Hace unos meses
hablé de una expedición que llevó la vacuna de la viruela a América (Expedición Balmis), en
aquella ocasión los héroes, aparte de los propios expedicionarios, fueron unos
niños que sirvieron de reservorios naturales de la preciada vacuna. Hoy voy a
hablar de otra expedición, o aventura, en la que los héroes fueron perros, unos
animales que contribuyeron a salvar vidas de manera heroica y excepcional.
Los perros protagonistas
de esta publicación participaron en la llamada Gran carrera de la
misericordia. Esta carrera fue singular pues en ella no se competía por
ganar ningún trofeo, al menos un trofeo material, sino por llevar el remedio
cuanto antes hasta una población en lo más recóndito de Alaska donde se había
declarado una epidemia de difteria.
Antes de seguir
con estos perros héroes, un breve apunte sobre la difteria y su vacuna.
La difteria es
una enfermedad causada por la toxina que produce la bacteria Corynebacterium
diphtheriae.

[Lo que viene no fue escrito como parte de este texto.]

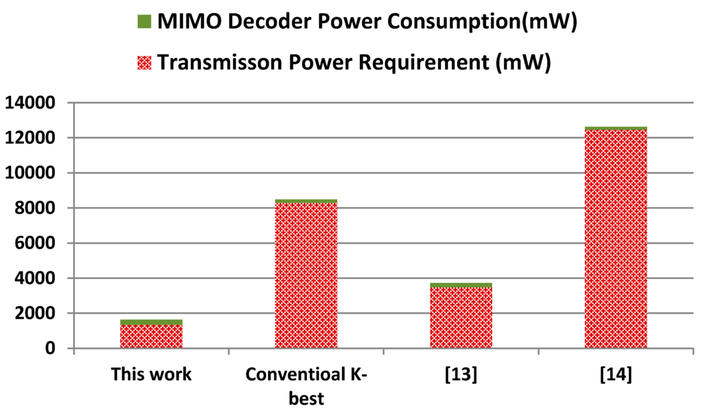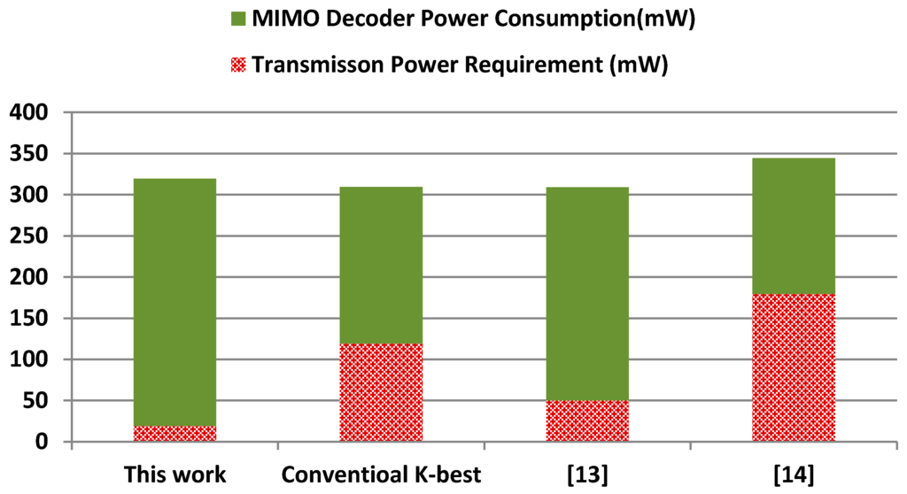 The minimum transmission power requirement is estimated using Equation (9) based on free space communication medium, where we have considered the minimum acceptable BER of 10−3, this is because received signals with BER higher than this figure may not be reliably detected [20]. We have considered two study cases: 4G and 5G wireless communication networks. The operation parameters of 4G systems are obtained from the third-generation partnership project which provide detailed information on the operating conditions of such networks [21], where we consider a 4G network transmission frequency of 1.8 GHz. The operation parameters of 5G networks are still in the development stage; initial estimates of the transmission frequencies indicate they are within the range 10–100 GHz [22]. For the purpose of this work we have considered the first successful implementation of a 5G wireless communication network recently announced by Ericsson [22], where in the transmission frequency was set to 15 GHz. In both of the above cases we consider the average distance between a mobile device and a base station around 200 m [20]. Figure 5 and Figure 6 illustrate the power costs of the proposed design in comparison with conventional K-best decoder and recently published energy efficient MIMO detection schemes. The two components of the power overheads: MIMO decoder power consumption and transmission power are illustrated separately. For completeness we have also included a comparison of the VLSI implementation in Table 1.
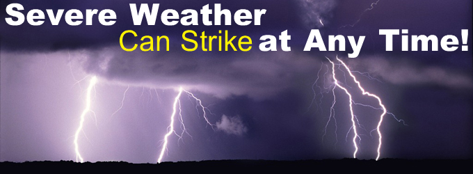 Do you know what to do in the event of severe weather? Families, schools, and businesses should have an emergency plan in case of threatening weather. This includes knowing where to go for shelter, what to do if severe weather strikes, have a NOAA Weather Radio to monitor conditions, and put together a Disaster Supplies Kit that contains a flashlight with fresh batteries, bottled water, a first aid kit, and blankets. Remember your safety depends upon knowing what to do should a severe storm strike. For more safety information, contact your county emergency management director.
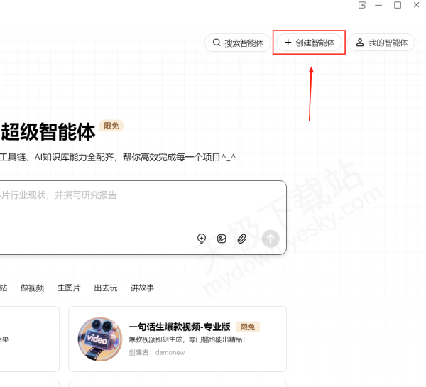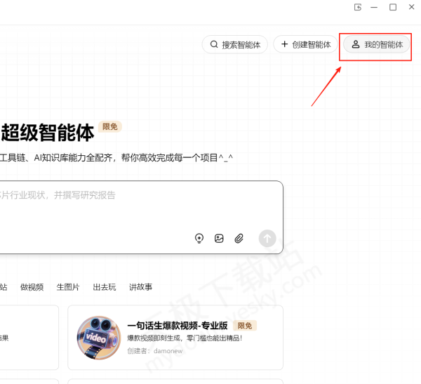纳米AI电脑版智能体在哪删除1.在智能体页面右上角点击【我的智能体】。
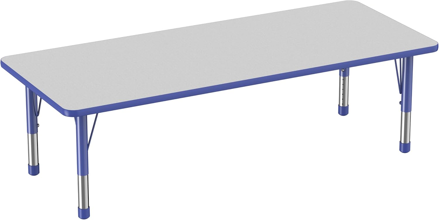FDP Rectangle Activity School and Classroom Kids Table (30 x 72 inch), Chunky Toddler Leg, Adjustable Height 15-24 inches - Gray Top and Blue Edge
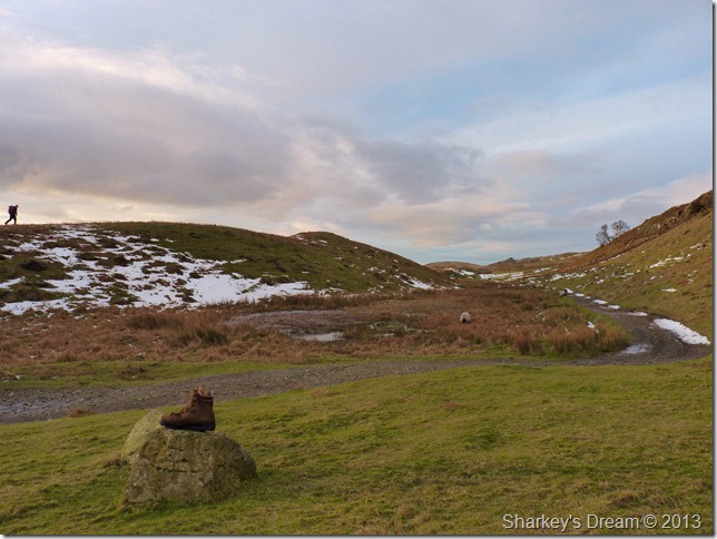 From Boulder Valley it is just a short brisk walk back to the car at Walna Scar, throughout the whole days walking I think more care was taken along this short section of iced-up path than any of the fells or edges we traversed today, luckily we both managed to stay on our feet avoiding any unnecessary embarrassment.
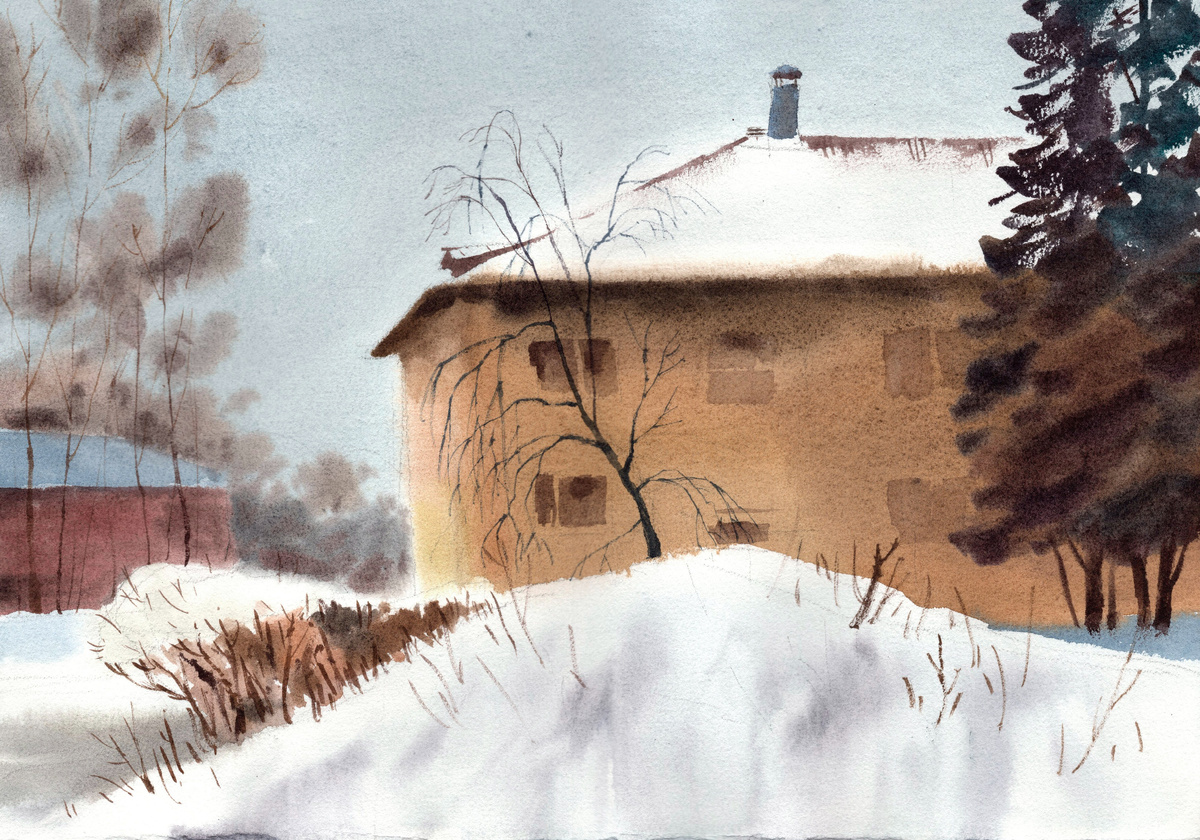 что-нибудь в блокноте во время совещаний (совещания длятся долго, а моё участие, чаще всего, не требуется) Одно время я приноровился рисовать старый купеческий дом, который видно из окна. Рисовал его раз за разом, с разными вариантами освещения, весь целиком или отдельные детали. Как-то раз во время перерыва я оставил блокнот на столе и пошёл налить себе кофе. И краем уха слышу, как двое коллег обсуждают мой рисунок. -Смотри, он рисует. -А знаешь что это? Это дом Мастера из "Мастера и Маргариты"! Точно, как он описан в книге! Понимаете, что получается? Смысл нарисованного в голове у смотрящего :) С другой стороны, сложно себе представить, что мастера рисуют, исходя из тех же импульсов, что и я. Если я рисую из желания решить чисто технические задачи (выбрать композицию получше, построить светотень по точней), то для профи всё это слишком
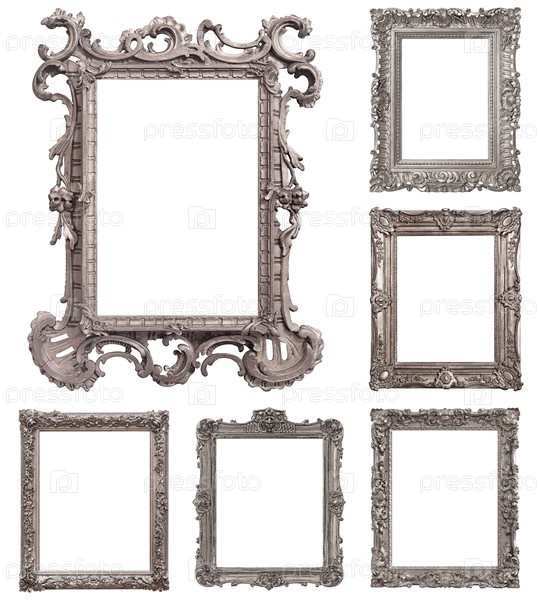 Набор серебряных рамок для картин, зеркал или фотографий изолированный на белом фоне
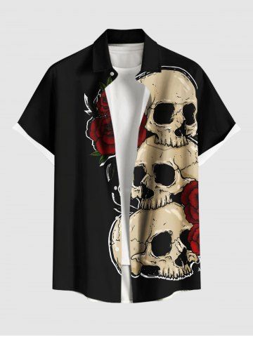 Plus Size Halloween Skulls Rose Flowers Print Buttons Pocket Shirt For Men - Black - 3xl
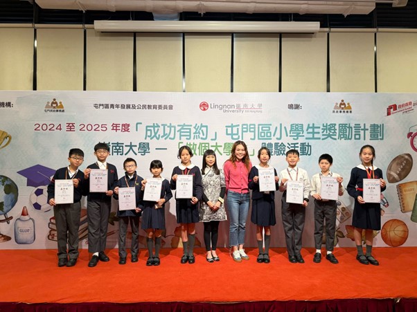 除嘉許狀外,委員會亦邀請獲獎的同學參加嶺南大學──「做個大學生」體驗活動,當天同學們除了有機會參觀嶺南大學的校園外,亦有機會和大學生一起交流,更難得的是有機會和大學生一同上課,課題為「蟲來唔嘥嘢 — 有機廚餘處理大法」及『趣看生物多樣 性 — 「本 地 薑」 睇真 D』,實在是一次難能可貴的學習經驗。

Cuando la bacteria infecta a una persona, libera la toxina que
provoca lesiones en la piel muy dolorosas y sobre todo inflamación de las
mucosas, especialmente en garganta y vías respiratorias, lo que, en los casos
más graves, ocasiona la muerte por asfixia.
Ahora esta
enfermedad se combate mediante la vacuna triple DTP donde se combinan tres
toxoides (toxinas atenuadas que no provocan enfermedad, pero sí anticuerpos)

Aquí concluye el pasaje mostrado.